● **DATA SHOWN**:
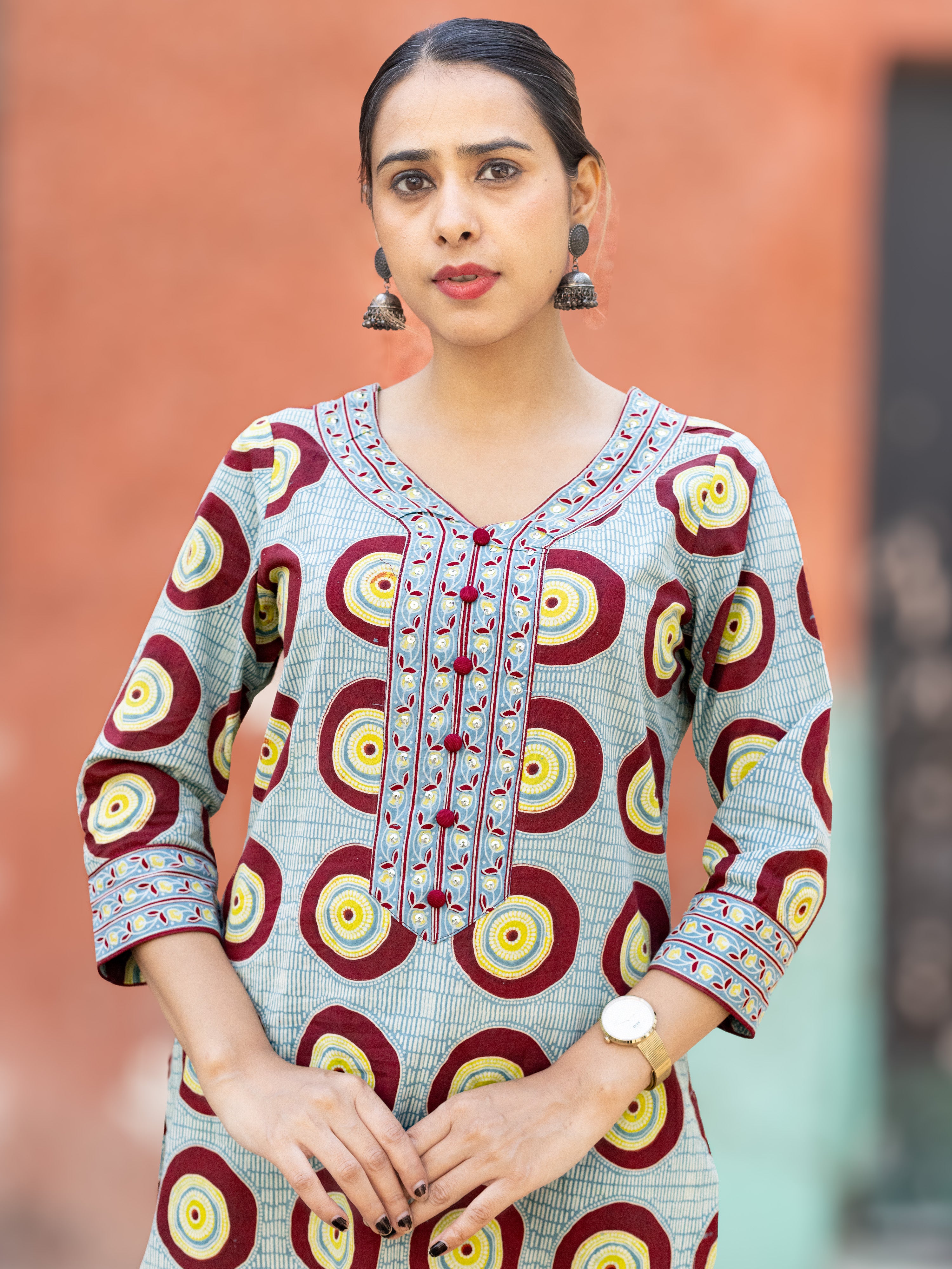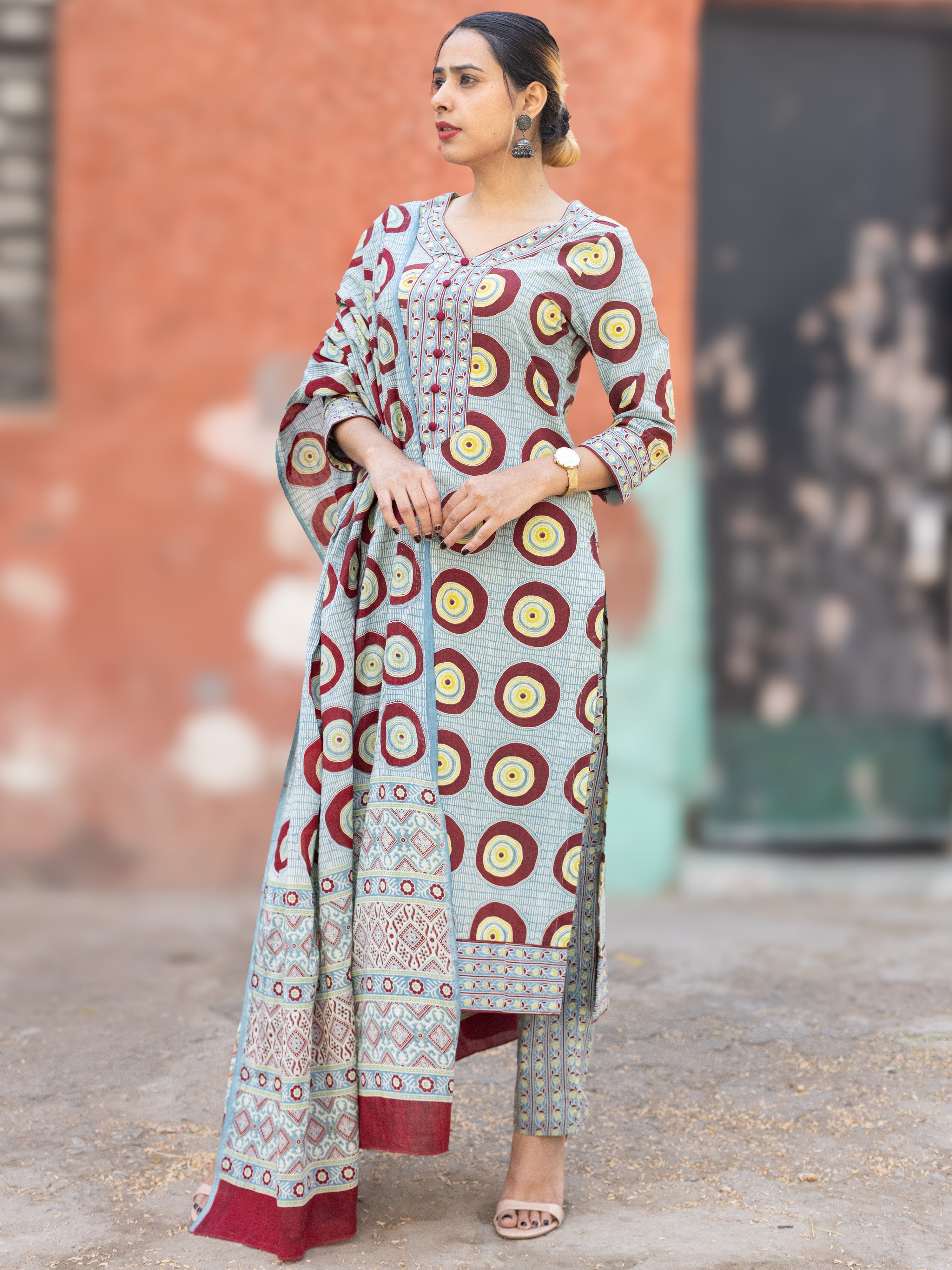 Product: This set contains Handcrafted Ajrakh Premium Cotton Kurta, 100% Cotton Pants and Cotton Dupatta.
==
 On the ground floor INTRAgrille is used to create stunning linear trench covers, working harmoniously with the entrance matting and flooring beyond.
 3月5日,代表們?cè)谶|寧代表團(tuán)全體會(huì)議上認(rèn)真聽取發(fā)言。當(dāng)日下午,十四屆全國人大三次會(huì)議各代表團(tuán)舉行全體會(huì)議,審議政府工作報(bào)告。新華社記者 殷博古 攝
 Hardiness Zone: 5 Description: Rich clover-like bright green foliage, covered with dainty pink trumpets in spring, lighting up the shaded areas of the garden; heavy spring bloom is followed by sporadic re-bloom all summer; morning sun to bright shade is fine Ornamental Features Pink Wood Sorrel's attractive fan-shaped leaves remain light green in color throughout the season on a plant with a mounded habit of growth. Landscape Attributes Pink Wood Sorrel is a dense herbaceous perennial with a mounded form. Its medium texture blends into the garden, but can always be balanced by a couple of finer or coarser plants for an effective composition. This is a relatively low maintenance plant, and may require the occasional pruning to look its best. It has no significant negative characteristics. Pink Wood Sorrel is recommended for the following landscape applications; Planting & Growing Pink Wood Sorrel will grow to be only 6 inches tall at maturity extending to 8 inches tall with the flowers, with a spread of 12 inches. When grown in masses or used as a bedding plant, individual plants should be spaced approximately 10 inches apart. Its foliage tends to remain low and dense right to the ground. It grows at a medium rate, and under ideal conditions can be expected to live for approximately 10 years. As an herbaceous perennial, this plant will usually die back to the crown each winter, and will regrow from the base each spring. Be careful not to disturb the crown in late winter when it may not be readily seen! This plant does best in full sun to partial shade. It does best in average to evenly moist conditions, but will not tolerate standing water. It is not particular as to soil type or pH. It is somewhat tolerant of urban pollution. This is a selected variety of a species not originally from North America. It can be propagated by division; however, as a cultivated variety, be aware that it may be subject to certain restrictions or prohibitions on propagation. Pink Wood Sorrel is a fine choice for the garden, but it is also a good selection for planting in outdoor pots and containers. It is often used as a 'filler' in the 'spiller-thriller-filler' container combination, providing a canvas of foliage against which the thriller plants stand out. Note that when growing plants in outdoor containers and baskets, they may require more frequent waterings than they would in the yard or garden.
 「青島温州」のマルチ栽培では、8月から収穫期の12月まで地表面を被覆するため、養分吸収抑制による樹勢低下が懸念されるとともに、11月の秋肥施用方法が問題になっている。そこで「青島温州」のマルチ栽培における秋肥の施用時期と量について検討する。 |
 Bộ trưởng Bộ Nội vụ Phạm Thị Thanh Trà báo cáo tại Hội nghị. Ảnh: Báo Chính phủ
==
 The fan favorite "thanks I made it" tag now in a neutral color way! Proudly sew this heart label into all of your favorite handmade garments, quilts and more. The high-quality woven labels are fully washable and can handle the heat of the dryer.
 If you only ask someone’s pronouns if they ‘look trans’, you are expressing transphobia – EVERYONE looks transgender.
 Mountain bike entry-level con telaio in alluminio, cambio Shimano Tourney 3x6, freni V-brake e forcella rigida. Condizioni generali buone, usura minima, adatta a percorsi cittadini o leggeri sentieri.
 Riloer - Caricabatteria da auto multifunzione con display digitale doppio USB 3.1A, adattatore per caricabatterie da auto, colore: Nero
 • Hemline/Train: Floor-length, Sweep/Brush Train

● **WHAT YOU NEED TO DO**: Out of the data above, transcribe exactly and only the lines starting with the line that has "Riloer - Caricabatteria" and going on through the line that has "Floor-length, Sweep/Brush Train", both included.

● **SOLUTION TO THE EXERCISE**:
 Riloer - Caricabatteria da auto multifunzione con display digitale doppio USB 3.1A, adattatore per caricabatterie da auto, colore: Nero
 • Hemline/Train: Floor-length, Sweep/Brush Train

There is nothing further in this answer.